Ритвелд долго молчал, глядя на собственную тень, разлегшуюся на тонком песке африканской пустыни.

— Уверен, — сказал он наконец. — И, может быть, когда-нибудь объясню вам причину.

— Собственно, это неважно, — поспешил заявить Манн.

— Важно, — отрезал Ритвелд. — Просто вы этого еще не понимаете. Идите сюда. Вот они.

Шесть картин — квадраты со стороной примерно по полметра — стояли на мольбертах посреди мастерской, тусклый свет из окон падал на холсты, как вялый осенний дождь на городской асфальт, политый с утра из шлангов и не нуждавшийся в дополнительной влаге. Центром каждой картины было заходящее солнце.
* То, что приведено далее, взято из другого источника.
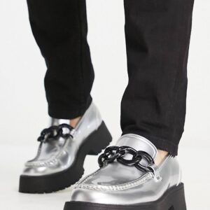 ASOS DESIGN chunky sole loafers with oversized chain in silver faux leather with contrast sole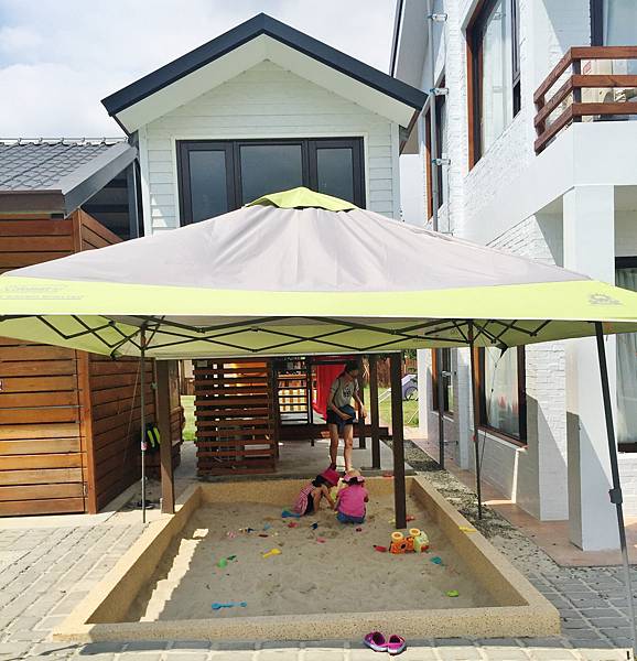 沙坑區,非常貼心的有提供遮蔭棚耶~~小朋友在大太陽下玩沙也不用怕她們會曬到中暑!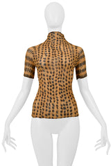 ISSEY MIYAKE TAN PLEATED SHEER TOP WITH ABSTRACT PRINT SS 2000

На первой картине солнце заходило за резко очерченный склон далекой горы. Бордовое, мрачное, наверняка завтра будет сильный ветер, небо тоже пурпурно-бордовое внизу и желтоватое, сухое, рассыпающееся на атомы в зените, где висело, как полотенце на гвозде, единственное серое облако, похожее формой на расплющенного колесами автомобиля цыпленка. Что-то происходило на переднем плане предгорье уже погрузилось во мрак, но какие-то тени остались, выглядели они так, будто Создатель бросил на середине работу по сотворению мира: то ли это были куцые, не разросшиеся до крон деревья, под которыми лежали дохлые звери (как они могли быть живыми, если у каждого чего-нибудь не хватало — ног, голов, хвостов, а то и самого туловища?), то ли полуразложившиеся создания, убитые или умершие своей смертью. Это был потусторонний мир, почему-то не страшный, но просто чужой, потусторонний не потому, что находился в стране смерти, а потому, что чужеродность его была изначально задана и выписана тщательно, уверенно и жестоко по отношению к нарисованным созданиям. И даже к солнцу, которое существовало зря и не было нужно ни этому миру, ни самому себе.

Такое, во всяком случае, сложилось у Манна мгновенное впечатление, и он перевел взгляд на вторую картину.

Праздник света и любви — будто переключил канал в телевизоре. Солнце заходило за крышу одноэтажного деревенского дома. Это был хорошо знакомый Манну домик в голландской деревушке Мервеншдат, где он родился тридцать четыре года назад и где провел первые шесть лет своей жизни. И солнце было именно таким, какое всегда улыбалось ему по вечерам, когда мама укладывала его спать. Она говорила: «Детям нужно ложиться вместе с солнышком и вставать тоже с ним. Дети и солнышко — как близнецы, понимаешь?» И он шел спать, хотя хотелось еще поиграть, а утром не хотелось просыпаться, но нужно было, потому что первые лучи солнца падали на его лицо — мама так расположила кровать в его маленькой комнате, что в любое время года засыпал и просыпался он с солнцем, и только в ненастные дни, когда небо становилось безнадежно серым, мама обозначала заходы и восходы звоном часов, которые приносила в его комнату из своей с отцом спальни — это были большие карманные часы, точнее, часы для кармана какого-нибудь сказочного гиганта, именно поэтому они сами знали, когда солнце должно скрыться за горизонтом и когда должно появиться, и звонили тоже сами, Тиль не знал тогда, что часы можно поставить на нужное время, нажать кнопочку на задней панели, и они сами зазвонят именно тогда, когда нужно маме… и солнцу, которое всегда входило в его комнату вместе с мамой и уходило тоже с ней. Однажды — навсегда.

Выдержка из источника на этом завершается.